The sine and cosine encoder failure preprocess method of above-mentioned elevator, is respectively obtained for electronic by using two ways The angle of machine rotor position, a kind of mode is:After motor start-up signal is received, the feedback letter of sine and cosine encoder is obtained Number, and the pre- measuring angle of the rotor of motor is obtained according to feedback signal and predetermined angle;Another way is:By identical amplitude The vector voltage pulse of each preset direction send to motor successively, and receive motor respectively according to each vector voltage pulse The phase current of return, the static angular of the rotor of motor is determined according to multiple phase currents.Then pre- measuring angle and static state are calculated The differential seat angle of angle, is analyzed according to differential seat angle, if differential seat angle is more than preset difference value, control motor is out of service.Such as This, can carry out failure anticipation, in differential seat angle more than preset difference value control before the motor running of elevator to sine and cosine encoder Motor is out of service, it is to avoid cause to produce elevator driving, oppressive etc. because the feedback signal of sine and cosine encoder is inaccurate therefore Barrier, improves the safety and reliability of elevator operation.
In one embodiment, feedback signal includes the first increment signal, the second increment signal, the first individual pen absolute position letter Number and the second individual pen absolute position signal.
Sine and cosine encoder has the road signal of A, B, R, C, D five, wherein, R is that Z1 carves rail signal, and a-signal, B signal are two Increment signal, C signal, D signals are two individual pen absolute position signals.The rotor of motor rotates a circle, corresponding A signal and B Signal has 2048 pulses, and C signal and D signals are generation a cycle signal.In the present embodiment, the first increment signal refers to that A believes Number, the second increment signal refers to B signal, and the first individual pen absolute position signal refers to C signal, and the second individual pen absolute position signal refers to that D believes Number.
Predetermined angle includes prestore motor pole angle and the start bit angle setting that prestores.Wherein, the motor pole angle that prestores refers in advance The corresponding angle of the position deviation between the rotor and sine and cosine encoder of the motor of storage.The start bit that prestores angle setting refers in advance The angle of rotor after the completion of once being run before the motor of storage.
With reference to Fig. 2, step S110 can include S111 to step S114.
S111:Judge whether motor start-up signal is to receive for the first time.If so, then performing step S112;If it is not, then holding Row step S114.

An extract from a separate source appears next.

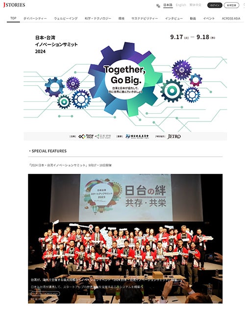 J-STORIESは、世界の問題解決に役立つ日本発のイノベーティブなアイデア、商品、テクノロジーなど様々な分野で進む革新的な取り組みを世界の視聴者や投資家に日英中の3ヶ国語で伝えるオンラインニュース媒体です。弊社では、「2024 日本・台湾イノベーションサミット」のメディアパートナーに就任したことを受けて、当サミットについての記事をイベント前後に渡って掲載いたします。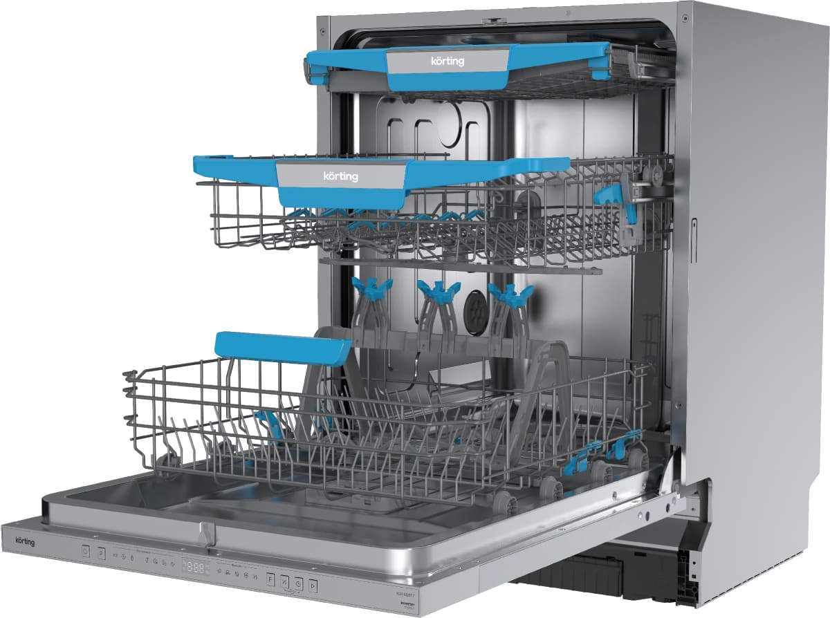 Встраиваемая модель Кертинг отлично впишется в любой интерьер, главное — правильно выбрать место, чтобы подвести коммуникации. Устанавливается в нишу целиком, полностью закрывается декоративной панелью. Обратите внимание: в комплекте не идет фасад, его необходимо установить самостоятельно. Имеет стандартные размеры, поэтому может не поместиться на очень маленькой кухне. В камеру можно загрузить ограниченное число комплектов: 14 шт. Комплектом считается набор посуды на одного человека, который нужен для полноценного приема пищи: глубокая и плоская тарелки, тарелка для салата, блюдце под чашку, сама чашка, ложка и вилка.

S112:Obtain the first individual pen absolute position signal and the second individual pen absolute position signal.
S113:Obtained according to the first individual pen absolute position signal, the second individual pen absolute position signal and the motor pole angle that prestores Take pre- measuring angle.
Treatment is carried out to the first individual pen absolute position signal and the second individual pen absolute position signal can obtain sine and cosine volume The rotational angle of code device, then the rotational angle according to sine and cosine encoder and the pre- measuring angle of motor pole angle acquisition that prestores, incite somebody to action Position deviation between the rotor and sine and cosine encoder of motor is taken into account, and the pre- measuring angle accuracy for obtaining is high.
In the present embodiment, step S113 specifically includes step S1131 to step S1133.
S1131:First individual pen absolute position signal and the second individual pen absolute position signal are respectively obtained by AD collections First voltage value and second voltage value.
AD collections are carried out to the first individual pen absolute position signal and the second individual pen absolute position signal, can be specifically to pass through DSP devices are realized, carry out analog-to-digital conversion to the first individual pen absolute position signal and obtain first voltage value, to the absolute position of the second individual pen Confidence number carries out analog-to-digital conversion and obtains second voltage value.
S1132:Arctangent computation is carried out to first voltage value and second voltage value, encoder angular is obtained.
Arctangent computation is carried out to first voltage value and second voltage value, specially:
Wherein, u1It is first voltage value, u2It is second voltage value, α is encoder angular.
S1133:Calculation code device angle and the motor pole angle sum that prestores, obtain pre- measuring angle.
The motor pole angle that prestores can represent lead and lag with sign.For example, the motor pole angle that prestores is -10 °, table Show delayed 10 ° of the rotor of motor;Motor pole angle prestore for 10 °, 10 ° of the rotor lead of motor is represented.In this way, directly counting Calculate encoder angular and the motor pole angle sum that prestores with positive negative sign, you can accurately obtain pre- measuring angle for representing electronic The position angle of machine rotor.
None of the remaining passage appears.